TherVacB (therapeutic vaccine trial) and IP-cure-B (immune-based HBV cure) both focus on hepatitis B treatment, with AOP contributing patient cohorts and clinical trial infrastructure.
AZIENDA OSPEDALIERO-UNIVERSITARIA DI PARMA
Italian university hospital contributing clinical trial sites, patient cohorts, and decision support expertise in hepatitis B and oncology research.
Their core work
Azienda Ospedaliero-Universitaria di Parma is a university hospital in Parma, Italy, combining clinical care with academic research. Their H2020 work centers on clinical trials and patient-facing research, particularly in hepatitis B treatment and head-and-neck cancer decision support. They contribute clinical cohorts, patient recruitment capacity, and real-world hospital data to European research consortia. Their strength lies in bridging laboratory science and bedside application within a functioning hospital environment.
What they specialise in
BD2Decide developed predictive models and decision support systems for personalized head and neck cancer treatment, coordinated by AOP.

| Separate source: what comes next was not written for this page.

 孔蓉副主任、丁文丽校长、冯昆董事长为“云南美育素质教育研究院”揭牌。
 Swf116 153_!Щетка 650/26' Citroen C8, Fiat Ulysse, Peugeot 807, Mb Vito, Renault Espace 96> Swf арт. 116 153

EU-CaRE studied the effectiveness and sustainability of cardiac rehabilitation programmes across Europe.
TherVacB involves therapeutic vaccine and adjuvant development for hepatitis B cure, with AOP handling patient stratification and recruitment.

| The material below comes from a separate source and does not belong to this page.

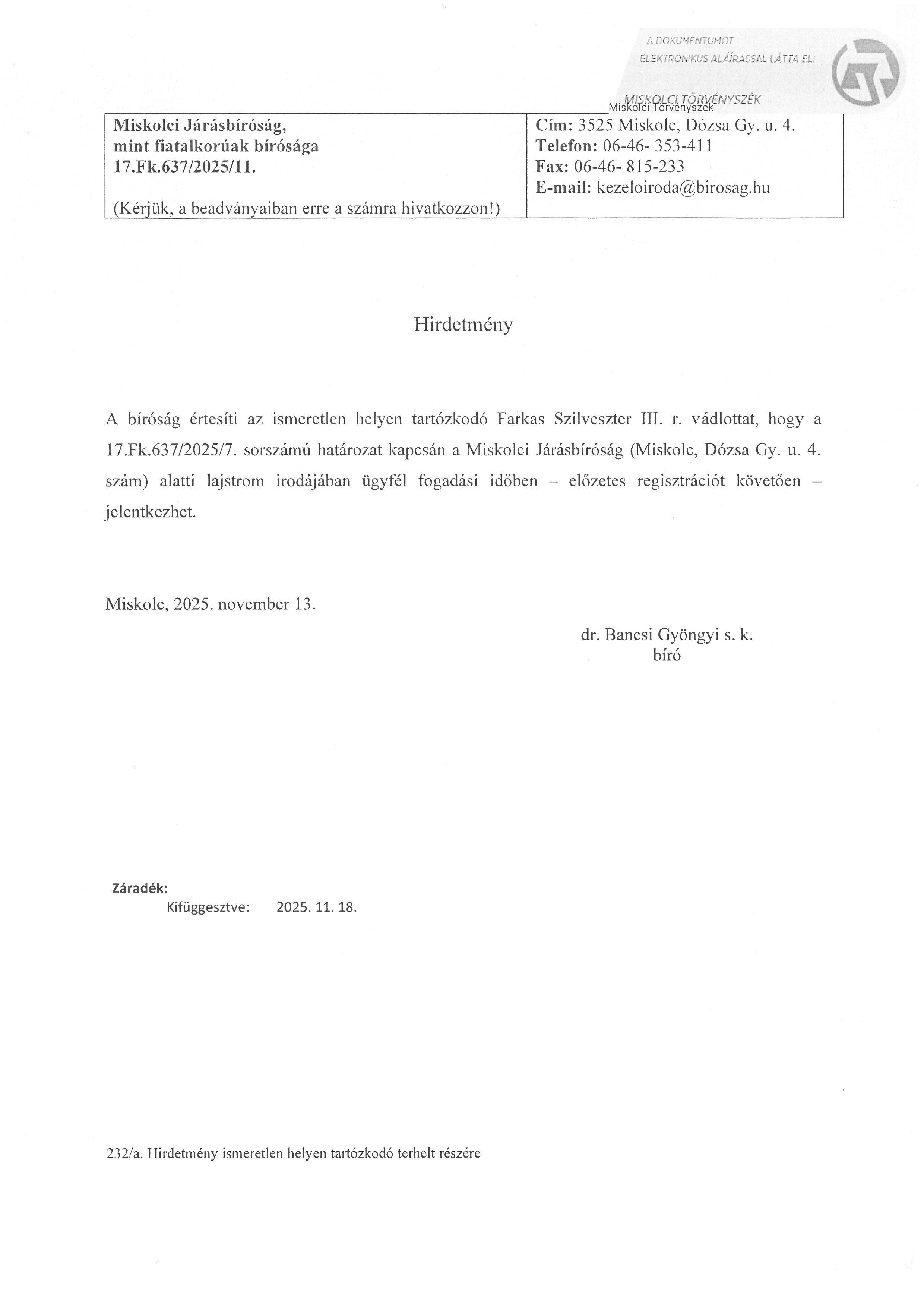 Hirdetmény

How they've shifted over time
AOP's early H2020 work (2015–2019) focused on data-driven clinical decision support — predictive models and DSS tools for oral cancer — alongside cardiac rehabilitation effectiveness studies. From 2020 onward, the focus shifted decisively toward infectious disease, specifically hepatitis B cure research through therapeutic vaccines, immune therapy, and large-scale clinical trials. This pivot from cancer informatics to virology/immunology clinical trials represents a significant thematic shift within their clinical research portfolio.
AOP is consolidating around hepatitis B clinical research and therapeutic vaccine trials, making them a strong partner for any consortium needing European clinical trial sites in virology.
How they like to work
AOP operates flexibly — they have coordinated one project (BD2Decide), participated as a full partner in two others, and served as a third party in one. With 56 unique partners across 14 countries from just 4 projects, they plug into large international consortia rather than leading them. This profile suggests a reliable clinical partner that provides hospital-based research infrastructure and patient access to broader European teams.

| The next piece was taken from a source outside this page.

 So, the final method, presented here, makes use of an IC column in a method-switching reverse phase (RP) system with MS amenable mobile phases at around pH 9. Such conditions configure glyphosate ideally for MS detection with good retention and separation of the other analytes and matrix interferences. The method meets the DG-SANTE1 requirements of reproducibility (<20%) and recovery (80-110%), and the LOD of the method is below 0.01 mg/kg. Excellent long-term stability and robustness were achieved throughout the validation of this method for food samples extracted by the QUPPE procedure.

AOP has worked with 56 distinct partners across 14 countries through only 4 projects, indicating participation in large, geographically diverse consortia. Their network spans well beyond Italy, reflecting the international nature of clinical trial collaborations.
What sets them apart
As a university hospital, AOP offers something pure research institutes cannot: direct access to patient cohorts, clinical trial infrastructure, and real-world treatment data within an active healthcare setting. Their dual track record in both cancer informatics (as coordinator) and infectious disease trials (as clinical partner) shows versatility across therapeutic areas. For consortium builders, they represent a proven Italian clinical site with experience managing patient recruitment and stratification in multi-country studies.
Highlights from their portfolio
- BD2DecideAOP's only coordinator role — a big-data decision support project for head and neck cancer, showing their capacity to lead research, not just contribute patients.
- TherVacBTheir largest funded project (EUR 714,894), running until 2026, focused on developing a therapeutic vaccine to cure hepatitis B — a long-term commitment to a high-impact clinical goal.
- IP-cure-BParticipation as a third party signals AOP was specifically recruited for its clinical expertise in HBV, reinforcing their emerging specialization in hepatitis B research.